Strony

sobota, 7 maja 2011

Pani Hanna Kowalewska

ulubioną moją autorką jest!

To fakt. Od czasu, gdy przeczytałam jej pierwszą książkę- "Tego lata, w Zawrociu"- zakochałam się w jej stylu, bohaterach, sytuacjach...i zaczęłam szukać kolejnych pozycji.
Jeśli ktoś jej nie zna, to polecam na początek książkę "Julita i huśtawki"
A potem cały cykl o Zawrociu:
Czekam na ostatnią z cyklu i wiecie co zrobiłam wczoraj?
Sama nie mogę w to uwierzyć, bo nigdy wcześniej nic takiego nie przyszło mi do głowy...

Znalazłam Panią Hannę  na Facebooku i napisałam do niej!!! A ona mi odpisała!!!!

Wymieniłyśmy kilka maili i okazało się, że 13tego maja będzie na spotkaniu autorskim dosłownie rzut beretem ode mnie!
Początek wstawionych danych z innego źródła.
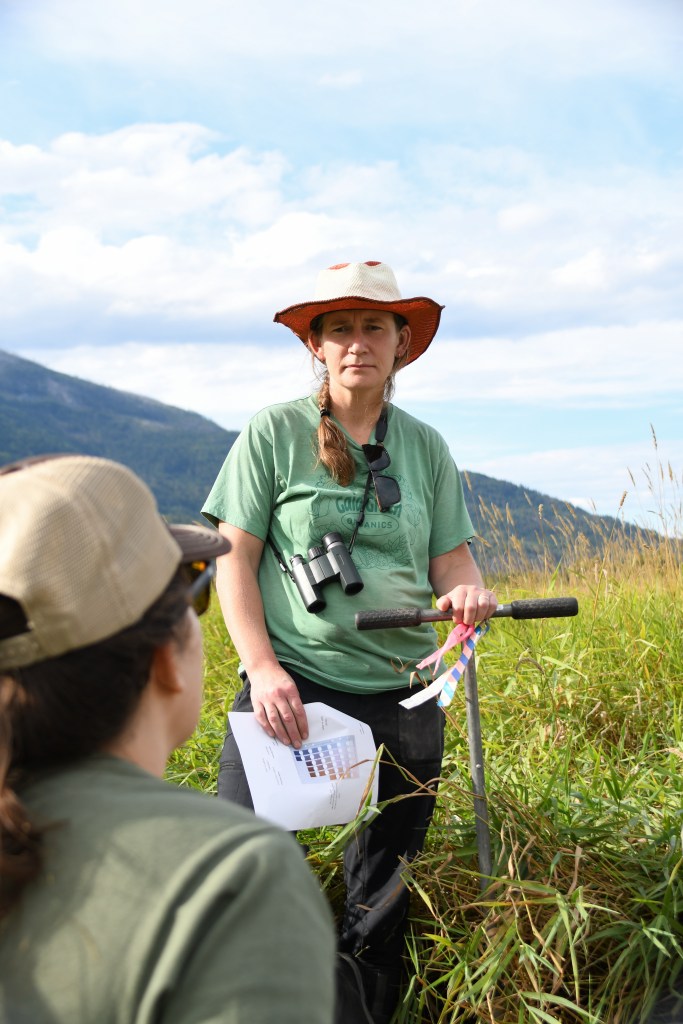 The participants concluded their week with a visit to Duck Lake at the Creston Valley Wildlife Management Area, where they joined Marc-André Beaucher for a Wetland Bird Walk and learned about design considerations for birds in their wetland projects, such as limiting tall trees around the edges as they provide a perch for predators. The group then took part in a Frog Bear Wetland Restoration field tour and attended a presentation on Phase 3 design work with Adrian Leslie of Nature Conservancy Canada. This ongoing project is benefitting landscape connectivity in the Creston Valley by helping create wildlife corridors for species such as the northern leopard frog and grizzly bear. With a continued presence of agriculture on site, this project is creating a space for frogs, bears and food to coexist while exploring ways to balance ecological function and agricultural needs.

Co za zbieg okoliczności! Ale po przeczytaniu jej książek nic nie dziwi...
Oczywiście wybieram się tam z całym moim zestawem jej dzieł do podpisu. No i ciągle myślę nad jakimś mądrym pytaniem, żeby nie wypalić standardowego: "skąd Pani bierze pomysły na książki? "   he, he, to by był obciach...

Oczywiscie dam znac jak było.

Pozdrawiam powiększajace sie grono ( gronko....) moich obserwatorów. :-))

1 komentarz:

  1. Dołączyłaś do grona moich obserwatorów, bardzo mi miło. Mam nadzieję, że coś ciekawego u mnie znajdziesz :)
    Oczywiście zajrzałam do ciebie, żeby cię poznać i co czytam - ulubiona pisarka....
    Dla mnie historia Zawrocia to zaczarowany świat, magia słowa, niesamowity i wciągający do zatracenia styl pisania.
    Po pierwszej lekturze tak jak ty szukałam innych pozycji tej pisarki, niestety są trudno dostępne :(
    Julity i ... jeszcze nie czytałam - dobrze, że mam po co sięgać :)
    Pozdrawiam serdecznie.

    OdpowiedzUsuń

Dziękuję za Twój komentarz!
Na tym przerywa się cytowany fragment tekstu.